Hello.
I made a simple code to understand class torch.nn.LSTM in PyTorch.
I changed input’s axis from (seq_len, batch, input_size) to (batch, seq_len, input_size) when I use batch_first option.

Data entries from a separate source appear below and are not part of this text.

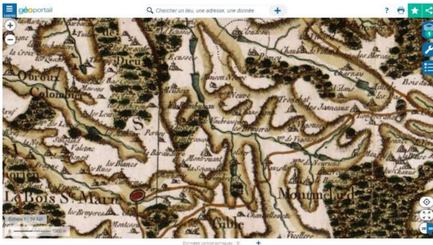
Carte de Cassini de la région de Gibles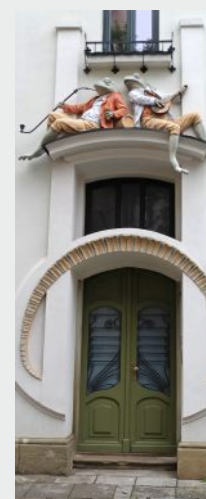
Kamienica pod żabami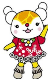
旭川市キャラクター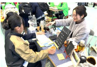
風雲 Coffeeroastery & Books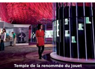
Temple de la renommée du jouet

However, I could not understand why I get different result with batch_first option.
Here is my code.
import torch
import torch.autograd as autograd
import torch.nn as nn
import torch.nn.functional as F
import torch.optim as optim
torch.manual_seed(1)
lstm = nn.LSTM(input_size=3, hidden_size=3, num_layers=1)
lstm2 = nn.LSTM(input_size=3, hidden_size=3, num_layers=1, batch_first=True)
inputs = autograd.Variable(torch.randn((30)))
h0 = autograd.Variable(torch.randn(1, 2, 3))
c0 = autograd.Variable(torch.randn((1, 2, 3)))
inputs1 = inputs.view(5, 2, -1).contiguous()
inputs2 = torch.transpose(inputs1, 0, 1).contiguous()
out = lstm(inputs1, (h0, c0))[0]
print("Case 1")
print(torch.transpose(inputs1, 0, 1).contiguous())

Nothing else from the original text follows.